What to do: Print only the lines below from the one with "DIJAMIN ORI !" to the one with "Комплект нагрудников и носков Hudson Baby - это", both included, exactly as they stand. Leave pictures out.

Listed entries:
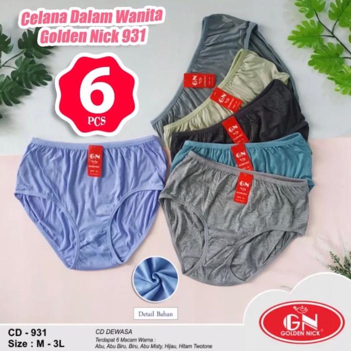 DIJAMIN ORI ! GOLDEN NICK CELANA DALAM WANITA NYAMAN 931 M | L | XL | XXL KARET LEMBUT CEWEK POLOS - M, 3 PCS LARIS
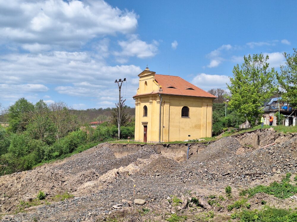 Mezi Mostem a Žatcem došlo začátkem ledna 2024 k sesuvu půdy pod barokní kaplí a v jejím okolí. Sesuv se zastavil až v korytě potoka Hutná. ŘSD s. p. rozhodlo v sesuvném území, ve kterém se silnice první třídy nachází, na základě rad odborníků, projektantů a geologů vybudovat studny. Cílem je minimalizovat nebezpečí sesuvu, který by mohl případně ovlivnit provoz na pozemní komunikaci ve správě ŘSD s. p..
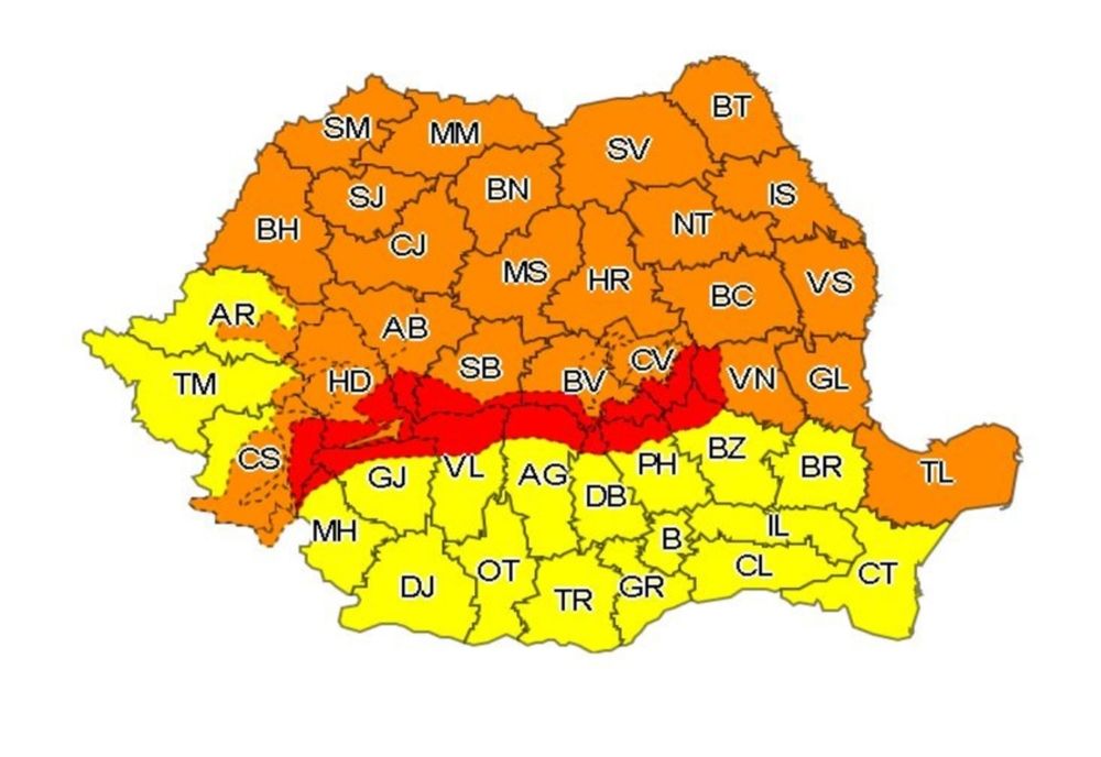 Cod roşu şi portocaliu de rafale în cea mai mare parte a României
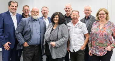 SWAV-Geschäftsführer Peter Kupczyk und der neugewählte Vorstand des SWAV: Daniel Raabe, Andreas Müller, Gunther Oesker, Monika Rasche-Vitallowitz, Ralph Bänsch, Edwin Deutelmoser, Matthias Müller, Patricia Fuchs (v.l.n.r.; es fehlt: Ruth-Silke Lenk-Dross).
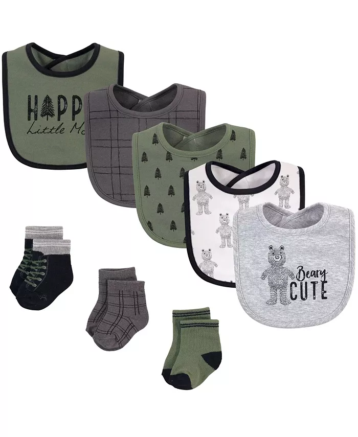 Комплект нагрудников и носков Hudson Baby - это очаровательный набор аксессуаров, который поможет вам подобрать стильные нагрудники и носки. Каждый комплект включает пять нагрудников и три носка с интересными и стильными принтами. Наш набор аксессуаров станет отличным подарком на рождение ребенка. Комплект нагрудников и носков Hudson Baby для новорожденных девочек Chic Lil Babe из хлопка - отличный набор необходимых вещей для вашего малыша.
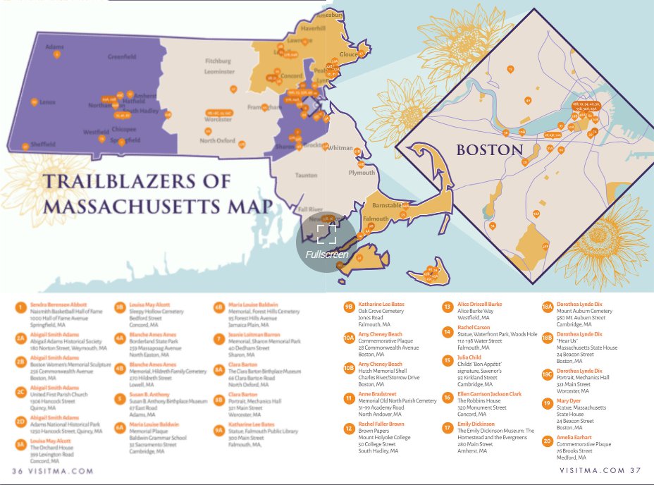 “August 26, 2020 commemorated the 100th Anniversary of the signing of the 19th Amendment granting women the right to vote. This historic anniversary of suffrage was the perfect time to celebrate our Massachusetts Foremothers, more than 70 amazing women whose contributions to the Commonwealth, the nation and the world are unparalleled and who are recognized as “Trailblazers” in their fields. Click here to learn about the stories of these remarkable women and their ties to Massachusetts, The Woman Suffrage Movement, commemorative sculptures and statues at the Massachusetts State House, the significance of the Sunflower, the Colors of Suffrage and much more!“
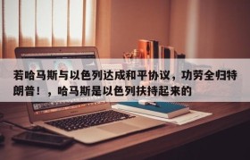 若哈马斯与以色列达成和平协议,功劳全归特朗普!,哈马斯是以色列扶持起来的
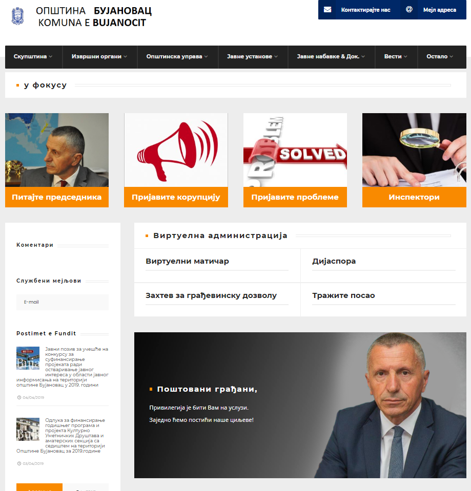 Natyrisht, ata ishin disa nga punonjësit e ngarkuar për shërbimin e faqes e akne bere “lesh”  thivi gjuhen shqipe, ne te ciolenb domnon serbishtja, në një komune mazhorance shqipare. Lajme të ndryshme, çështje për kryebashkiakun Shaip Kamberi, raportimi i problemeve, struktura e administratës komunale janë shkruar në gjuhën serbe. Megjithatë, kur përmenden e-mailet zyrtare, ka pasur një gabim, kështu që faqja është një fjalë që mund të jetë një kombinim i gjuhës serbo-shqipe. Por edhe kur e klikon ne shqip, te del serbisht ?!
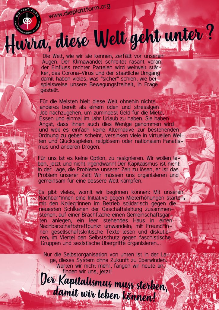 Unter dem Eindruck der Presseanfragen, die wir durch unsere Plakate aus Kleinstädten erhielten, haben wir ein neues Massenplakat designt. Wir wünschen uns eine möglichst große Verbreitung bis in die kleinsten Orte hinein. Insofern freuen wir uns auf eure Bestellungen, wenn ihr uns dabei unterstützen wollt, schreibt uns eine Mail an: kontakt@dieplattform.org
==
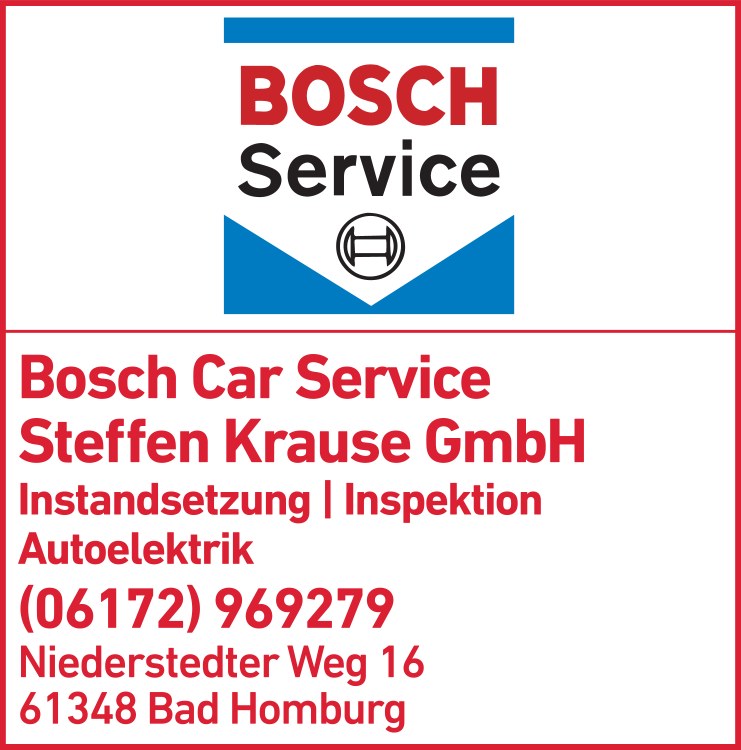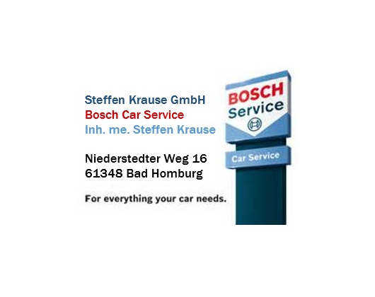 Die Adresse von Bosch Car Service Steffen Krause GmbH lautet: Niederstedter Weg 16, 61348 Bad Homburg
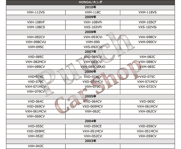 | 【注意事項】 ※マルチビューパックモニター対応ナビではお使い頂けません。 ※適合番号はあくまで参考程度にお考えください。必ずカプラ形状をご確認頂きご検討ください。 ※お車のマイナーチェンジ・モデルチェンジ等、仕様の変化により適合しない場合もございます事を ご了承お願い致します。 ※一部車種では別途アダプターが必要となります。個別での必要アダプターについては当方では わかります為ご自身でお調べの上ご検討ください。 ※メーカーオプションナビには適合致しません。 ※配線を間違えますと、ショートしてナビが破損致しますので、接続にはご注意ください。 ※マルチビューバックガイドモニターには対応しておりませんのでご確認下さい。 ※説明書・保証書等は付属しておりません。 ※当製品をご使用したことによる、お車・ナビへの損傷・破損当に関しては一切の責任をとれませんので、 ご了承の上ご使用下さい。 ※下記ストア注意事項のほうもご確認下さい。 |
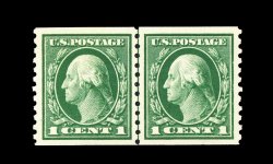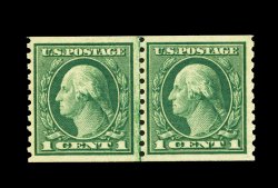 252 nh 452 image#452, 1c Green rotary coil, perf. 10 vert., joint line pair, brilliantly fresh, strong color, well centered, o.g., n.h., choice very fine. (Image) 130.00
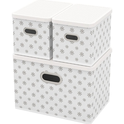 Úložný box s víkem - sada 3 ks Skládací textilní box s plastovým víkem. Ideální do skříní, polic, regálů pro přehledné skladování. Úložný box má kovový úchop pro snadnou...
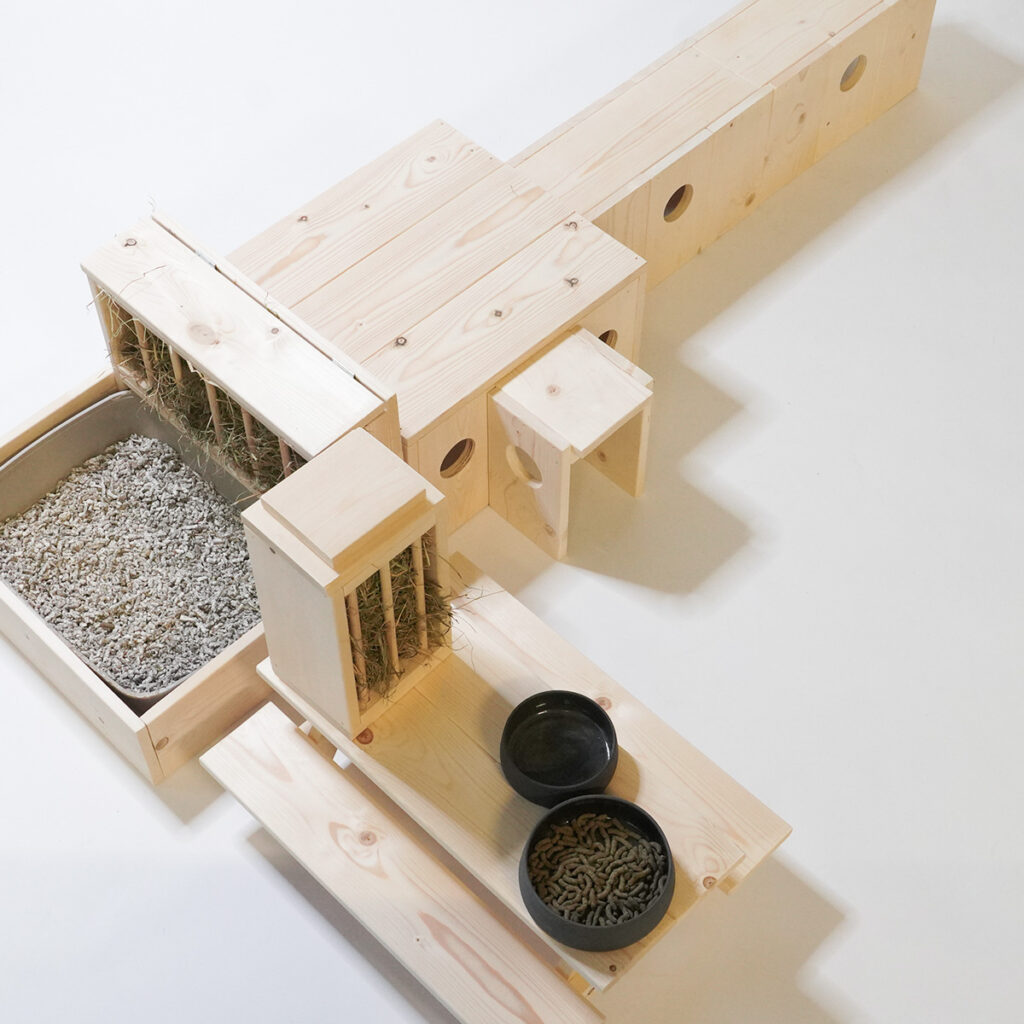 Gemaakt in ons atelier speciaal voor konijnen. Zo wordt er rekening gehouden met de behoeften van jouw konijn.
==
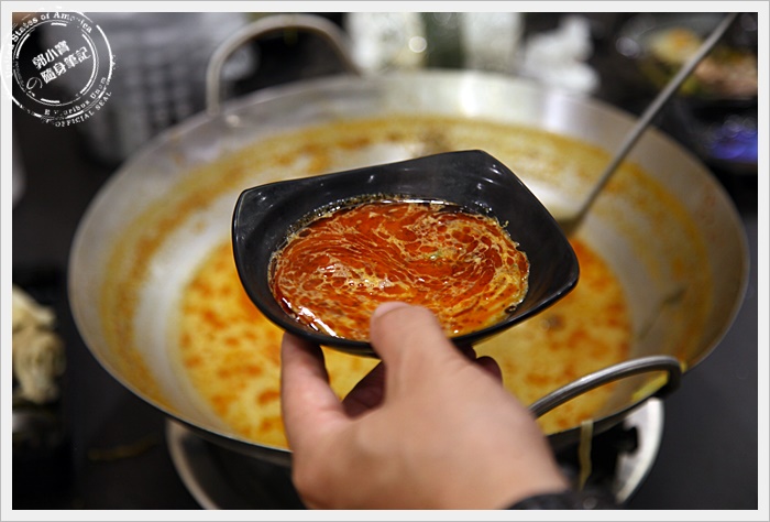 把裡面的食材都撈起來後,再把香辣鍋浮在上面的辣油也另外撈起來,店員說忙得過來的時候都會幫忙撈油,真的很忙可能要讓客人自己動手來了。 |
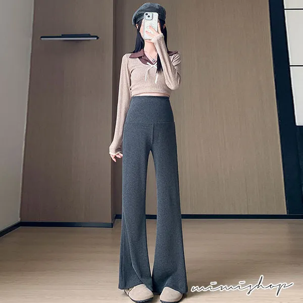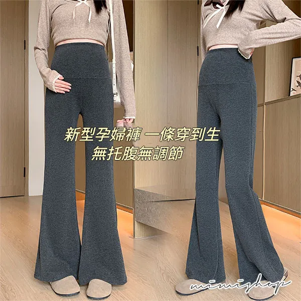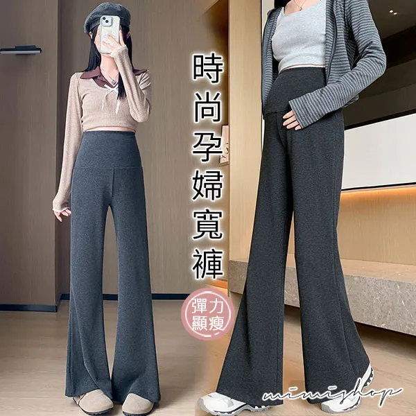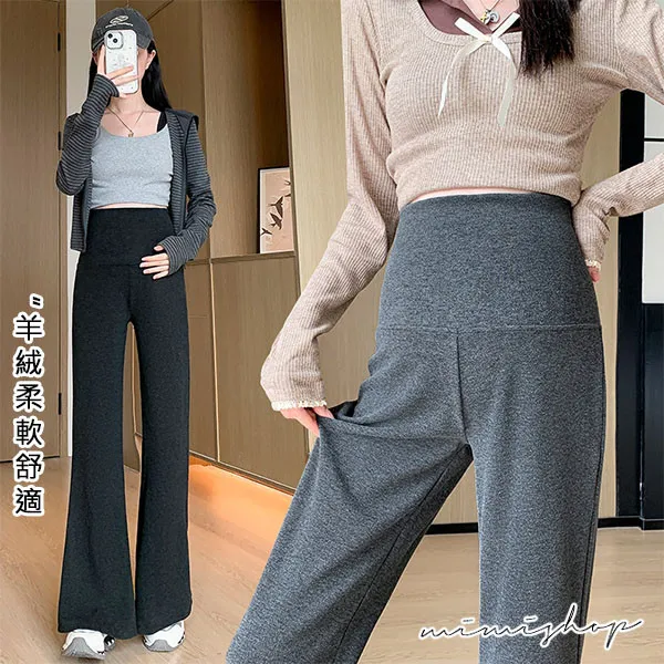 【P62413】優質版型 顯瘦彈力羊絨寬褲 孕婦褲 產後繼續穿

Response to this task:
 DIJAMIN ORI ! GOLDEN NICK CELANA DALAM WANITA NYAMAN 931 M | L | XL | XXL KARET LEMBUT CEWEK POLOS - M, 3 PCS LARIS
 Mezi Mostem a Žatcem došlo začátkem ledna 2024 k sesuvu půdy pod barokní kaplí a v jejím okolí. Sesuv se zastavil až v korytě potoka Hutná. ŘSD s. p. rozhodlo v sesuvném území, ve kterém se silnice první třídy nachází, na základě rad odborníků, projektantů a geologů vybudovat studny. Cílem je minimalizovat nebezpečí sesuvu, který by mohl případně ovlivnit provoz na pozemní komunikaci ve správě ŘSD s. p..
 Cod roşu şi portocaliu de rafale în cea mai mare parte a României
 SWAV-Geschäftsführer Peter Kupczyk und der neugewählte Vorstand des SWAV: Daniel Raabe, Andreas Müller, Gunther Oesker, Monika Rasche-Vitallowitz, Ralph Bänsch, Edwin Deutelmoser, Matthias Müller, Patricia Fuchs (v.l.n.r.; es fehlt: Ruth-Silke Lenk-Dross).
 Комплект нагрудников и носков Hudson Baby - это очаровательный набор аксессуаров, который поможет вам подобрать стильные нагрудники и носки. Каждый комплект включает пять нагрудников и три носка с интересными и стильными принтами. Наш набор аксессуаров станет отличным подарком на рождение ребенка. Комплект нагрудников и носков Hudson Baby для новорожденных девочек Chic Lil Babe из хлопка - отличный набор необходимых вещей для вашего малыша.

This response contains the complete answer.